* **Material provided**

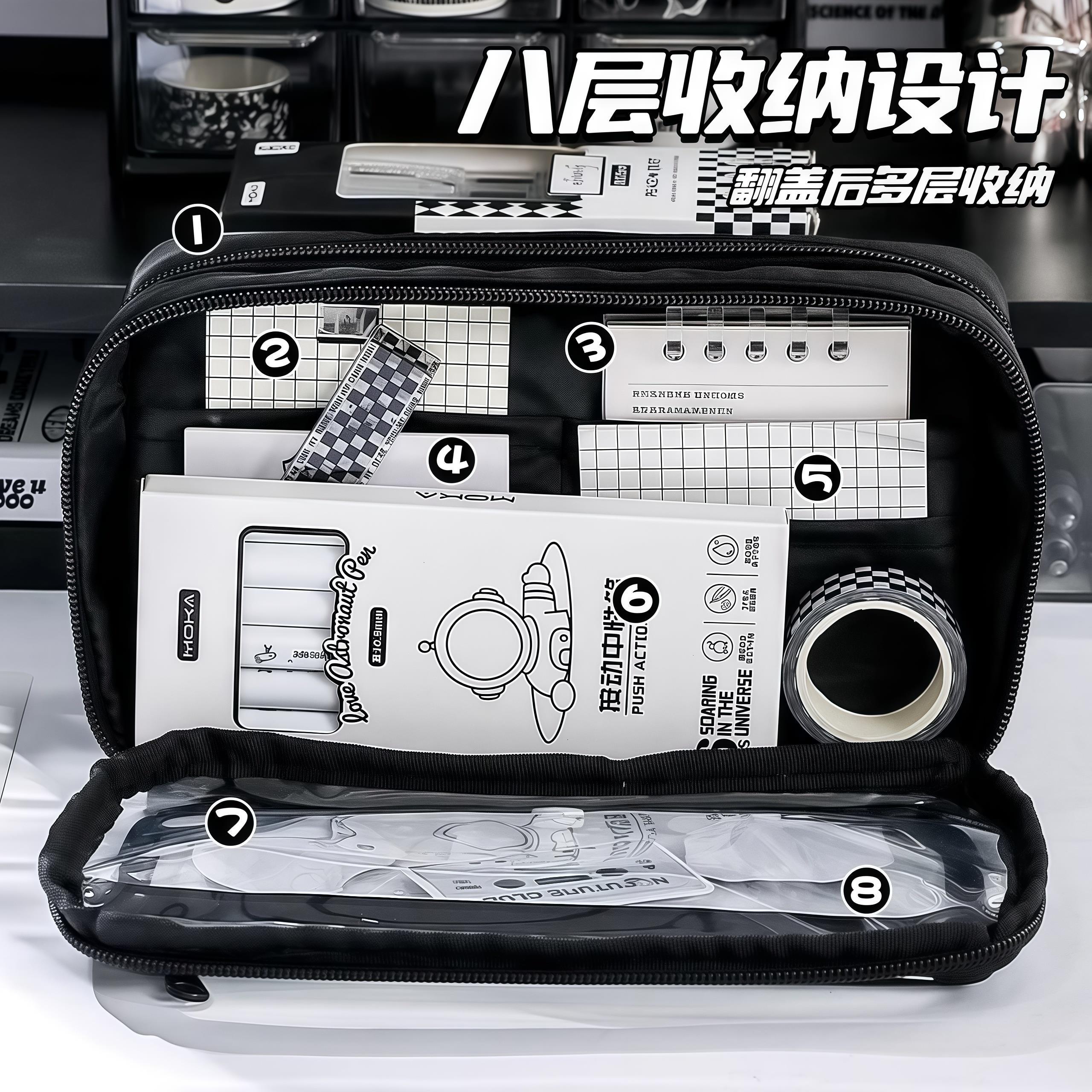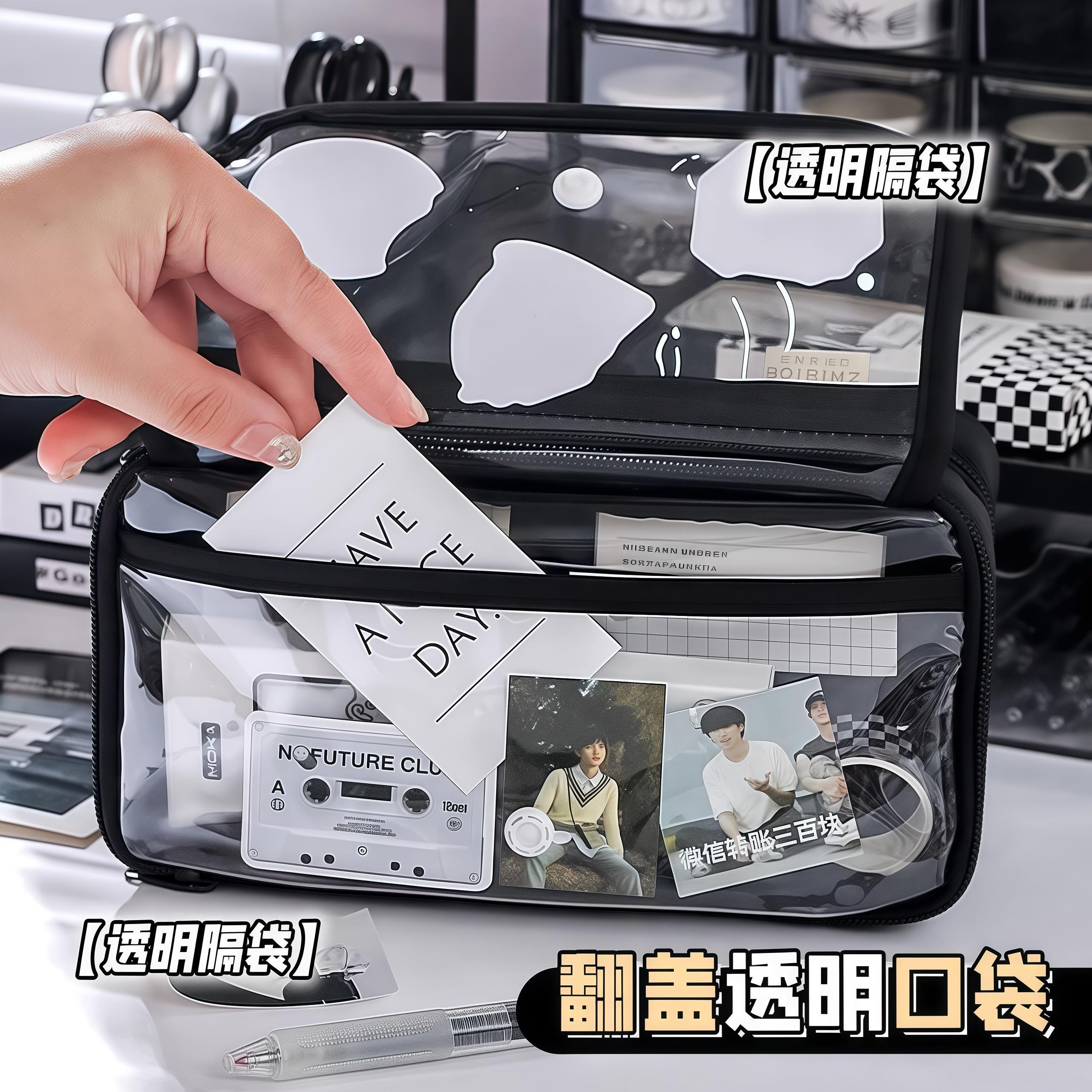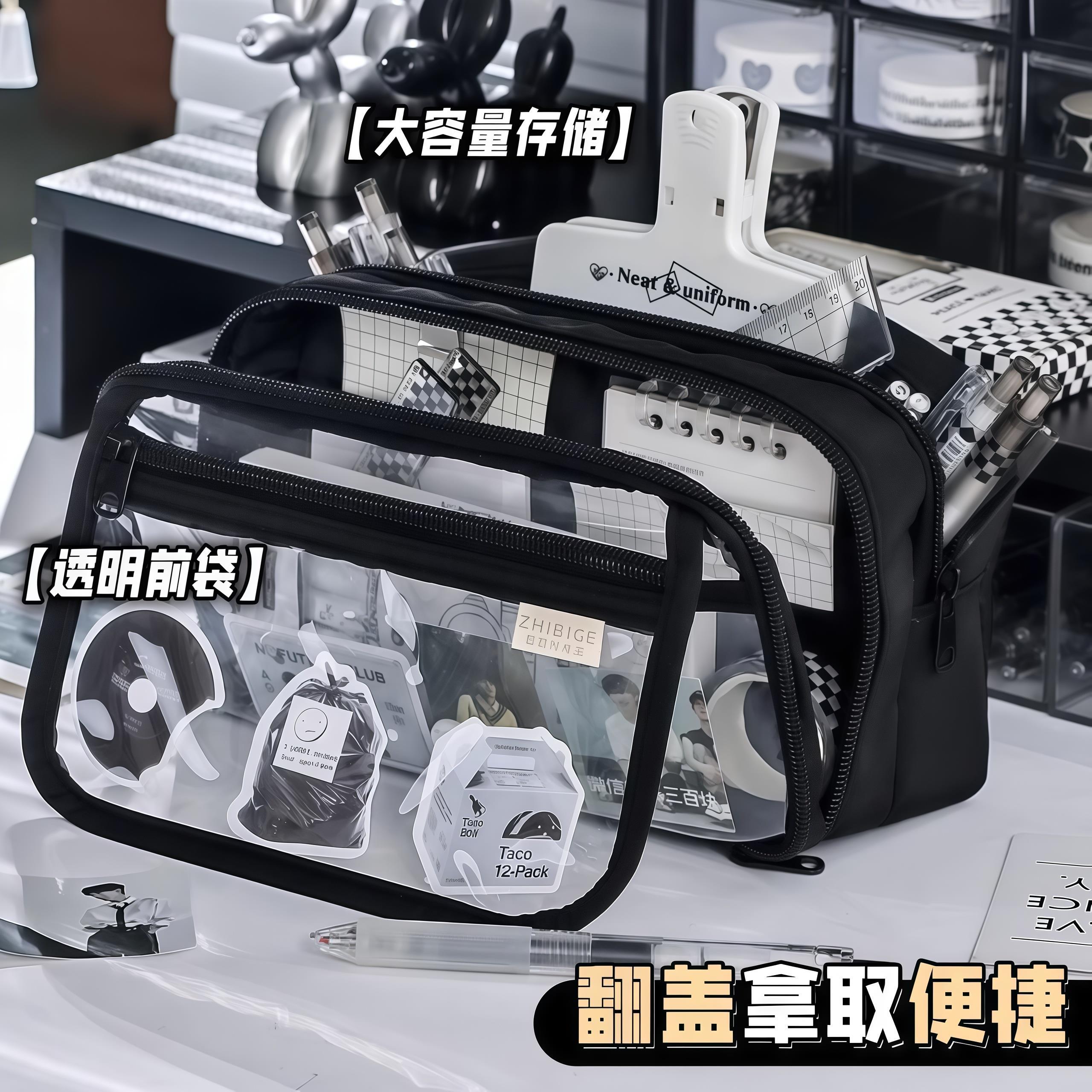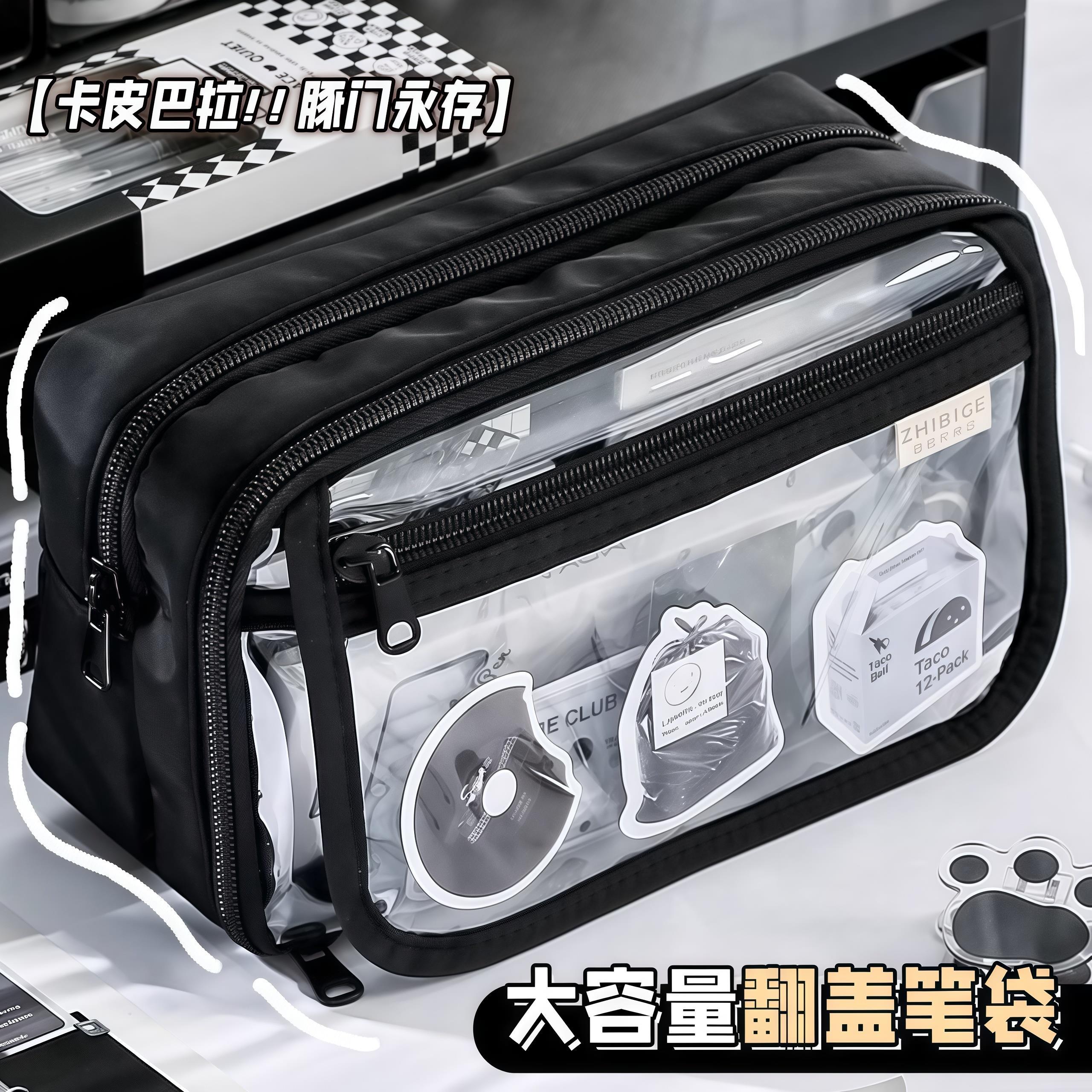 大容量痛包笔袋男孩子小学生女生高颜值初中透明简约黑色帆布多层超大收纳2025新款设计感小众文具袋铅笔盒
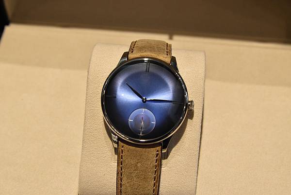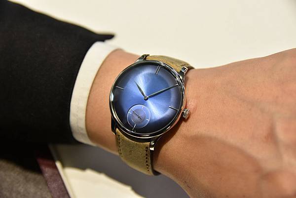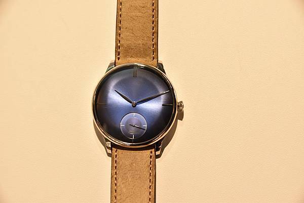 說起亨利慕時手錶,就不得不提到極具代表性的煙燻錶盤,Venturer Small Seconds Purity擁有迷人的藍色fume煙燻錶盤,由亨利慕時手錶中心向外暈染出美麗的漸層顏色,在弧形藍寶石水晶鏡面與白金錶殼的襯托之下,更顯高貴優雅質感,這款亨利慕時手錶上也飾有旭日紋圖案,讓fume煙燻錶盤的耀眼光彩更加出色。
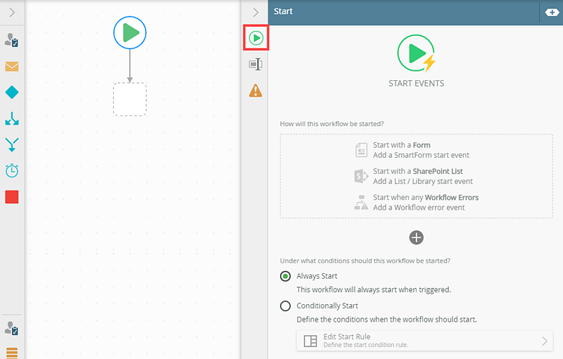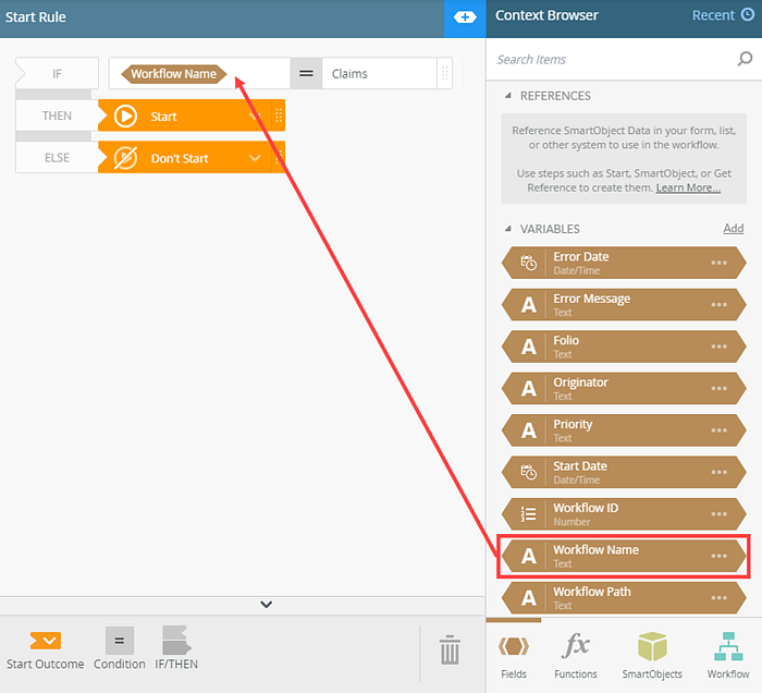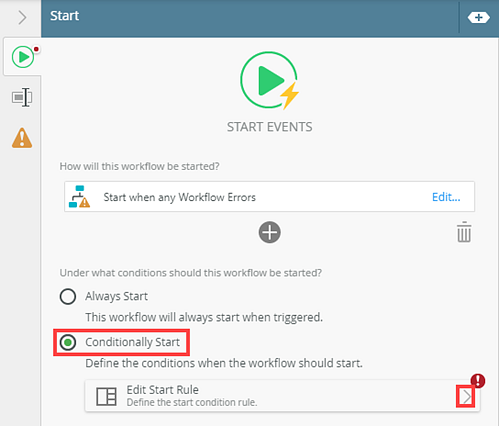 Keep in mind that if you use the Start when any Workflow Errors event, any workflow going into error state will start a new instance of the error handling workflow, and it becomes like a global "catch all" workflow. The global "catch all" workflow approach works in environments with few workflows in error state, and if you keep a simple configuration to the error handling workflow. When your error handling workflow contains multiple steps, such as user and server tasks, you can run into a scenario where potentially thousands of items flood your worklist and email inbox. You could also run into a multiple error state loop. It is recommended to have a simple global "catch all" error handling workflow that sends an email when any workflow goes into an error state. For more specific error handling, use a Conditional Start Rule to start the error handling workflow only if the erring workflow matches certain criteria. For an example on configuring a Conditional Start Rule on the Start when any Workflow Errors event, see the Example of an error handling workflow configured with a Conditional Start Rule section in this topic.
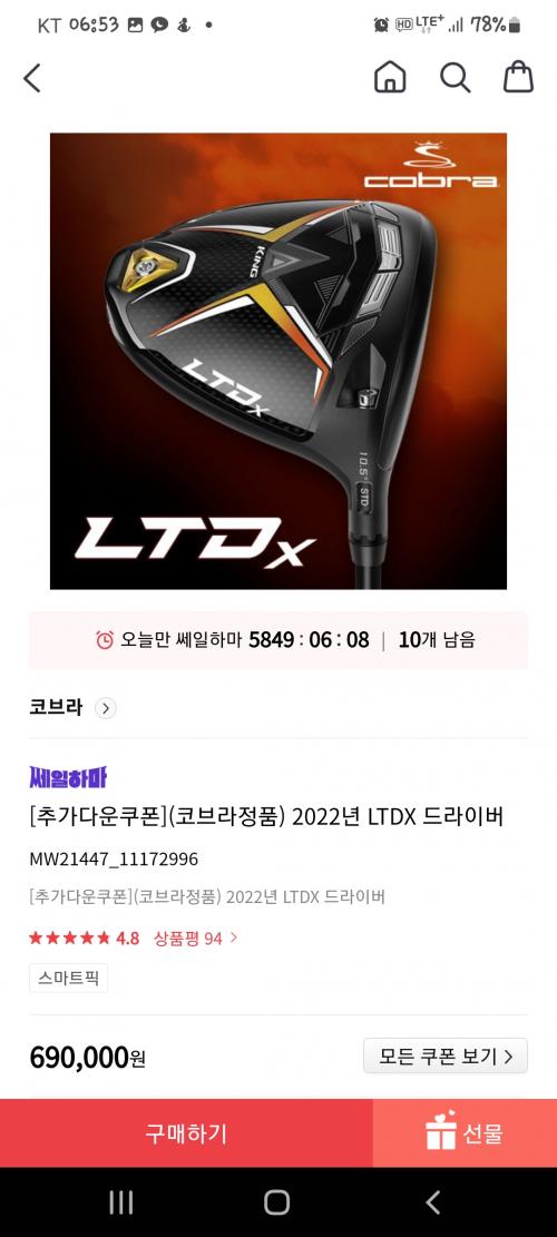 코브라 ltdx 진짜 명기 될 겁니다. 슬라이스 훅이 없어졌어요 . 직진 성이 정말 좋습니다. 그래서 푸쉬는 조심 ㅋ | ||

* **What this task involves**
The listing above should be repeated word for word, with every image left out.

* **Expected output**
 大容量痛包笔袋男孩子小学生女生高颜值初中透明简约黑色帆布多层超大收纳2025新款设计感小众文具袋铅笔盒
 說起亨利慕時手錶,就不得不提到極具代表性的煙燻錶盤,Venturer Small Seconds Purity擁有迷人的藍色fume煙燻錶盤,由亨利慕時手錶中心向外暈染出美麗的漸層顏色,在弧形藍寶石水晶鏡面與白金錶殼的襯托之下,更顯高貴優雅質感,這款亨利慕時手錶上也飾有旭日紋圖案,讓fume煙燻錶盤的耀眼光彩更加出色。
 Keep in mind that if you use the Start when any Workflow Errors event, any workflow going into error state will start a new instance of the error handling workflow, and it becomes like a global "catch all" workflow. The global "catch all" workflow approach works in environments with few workflows in error state, and if you keep a simple configuration to the error handling workflow. When your error handling workflow contains multiple steps, such as user and server tasks, you can run into a scenario where potentially thousands of items flood your worklist and email inbox. You could also run into a multiple error state loop. It is recommended to have a simple global "catch all" error handling workflow that sends an email when any workflow goes into an error state. For more specific error handling, use a Conditional Start Rule to start the error handling workflow only if the erring workflow matches certain criteria. For an example on configuring a Conditional Start Rule on the Start when any Workflow Errors event, see the Example of an error handling workflow configured with a Conditional Start Rule section in this topic.
 코브라 ltdx 진짜 명기 될 겁니다. 슬라이스 훅이 없어졌어요 . 직진 성이 정말 좋습니다. 그래서 푸쉬는 조심 ㅋ | ||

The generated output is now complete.